If you get lost in the woods and are scared and injured, they’re the ones who are going to find you and bring you back to safety.
SAR
Squamish Search and Rescue members haul a speed flyer to safety on the Stawamus Chief third peak recently. SAR has a list of items you need to bring hiking for your own safety and survival.

If you get lost in the woods and are scared and injured, they’re the ones who are going to find you and bring you back to safety.

But should they have to?

It’s National Volunteer Week, a time when we should all be thanking the many volunteers who make our lives better, and few have a more dramatic impact on lives than the men and women of Squamish Search and Rescue (SAR). When we go out hiking, lose our way and get stranded on a frightening ledge, they’re the ones who will eventually heroically show up and bring us home. They’re the ones who will carry us back down those rocky stairs after we break an ankle.

But they’re all volunteers who have changed their plans for the day, found childcare and abandoned their families to devote themselves to the rescue, and in some cases, they really shouldn’t have to be there.

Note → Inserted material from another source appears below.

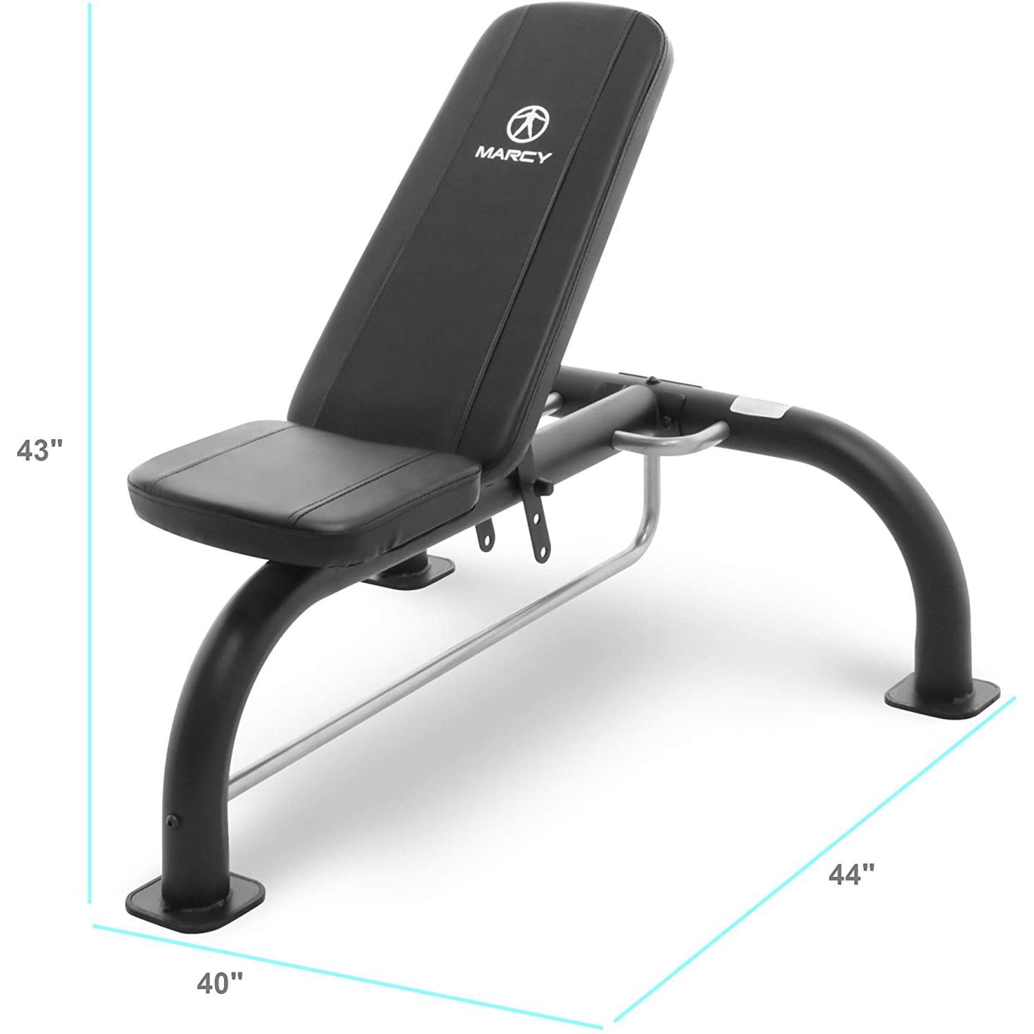 The Marcy Utility Bench is a multi-purpose bench with 6 different reclining positions that allow for multiple workouts including chest press, incline press, military press, and decline press. This Marcy Utility Bench also folds flat for convenient storage. Positions vary from 1 degree angle to 81 degree angles. Compact design with heavy duty steel frame construction and a burable powder coated finish that is sure to last for years to come. Dimensions: 43.75 x 35.5 x 42.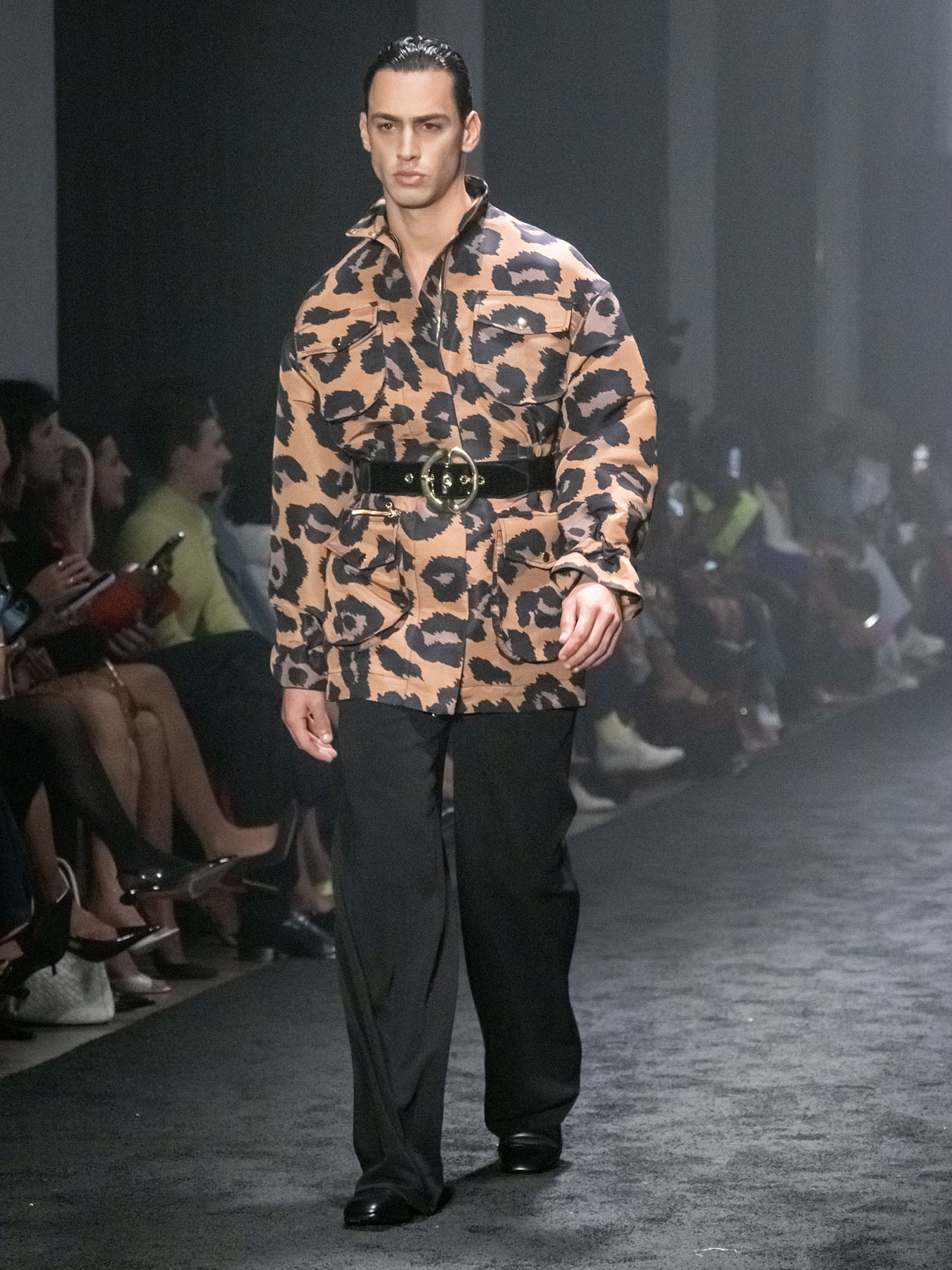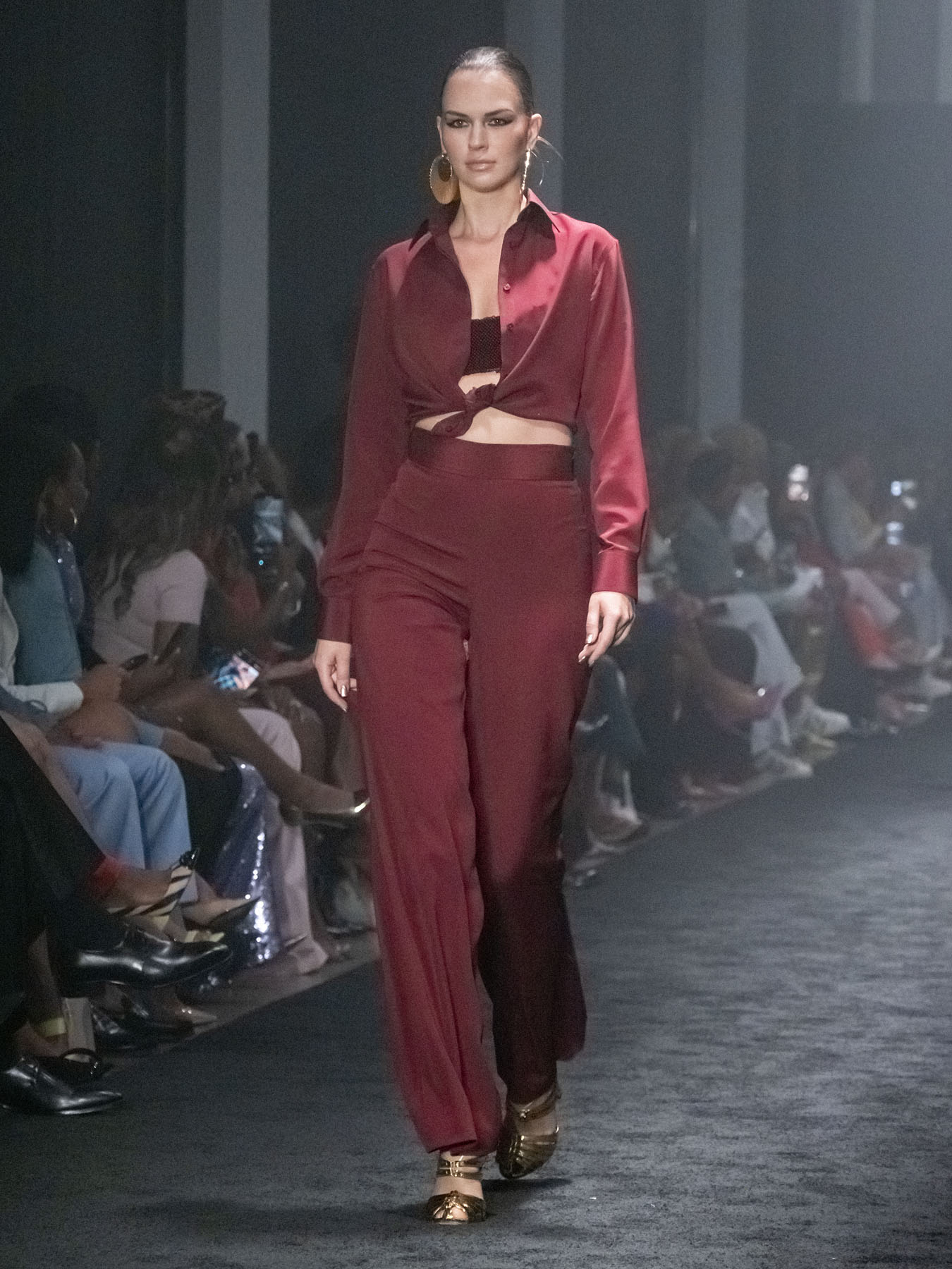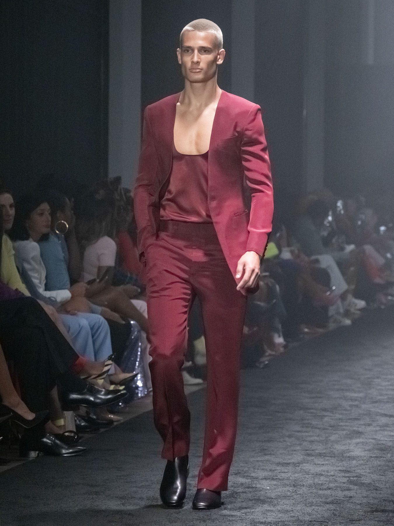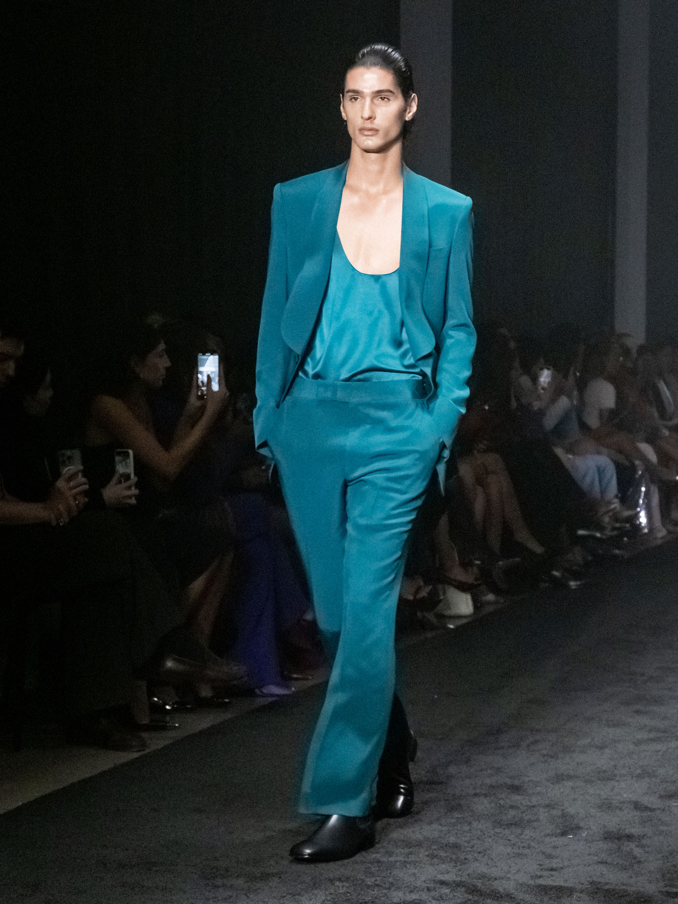 Hudson leaned into strong shoulders and stiff silhouettes that felt like armor. Tailoring was clean and bold: double-breasted suits, sharp lapels, and cinched waists contrasted with relaxed elements like pulled-up sleeves and softened hems.

When we go hiking in the woods, we all need to assume some responsibility for our own safety and to bring the right gear that will enable us to survive when tragedy strikes.

We can start by letting someone know our plans. A simple text message to a friend or a post on Instagram or Twitter showing us at the trailhead will ensure the world at least knows where we started out and where we’re headed. Our cell phone should also be charged and with us.

As Squamish Search and Rescue notes on its website, there are other essentials that we need so we survive every hike, every time. These include extra water and food, additional clothing to protect us (no, that t-shirt won’t keep you warm at 2,000 ft. in the cold rain that is about to begin), a thermal blanket and plastic bag that can form a bivy shelter from the elements, and  a first-aid kit and a little knowledge of how to use the items within it.

You’ll also need a headlamp with spare batteries, a map and compass, and a knife or multi-tool that can help you cut rope or saw branches to make tinder for your fire.

And you need proper footwear with decent soles, not flip flops.

The volunteers of Squamish SAR are halting their lives, leaving their work and families, to provide assistance, but it’s up to us to make sure we can survive until they reach us. The least we can do is help ourselves.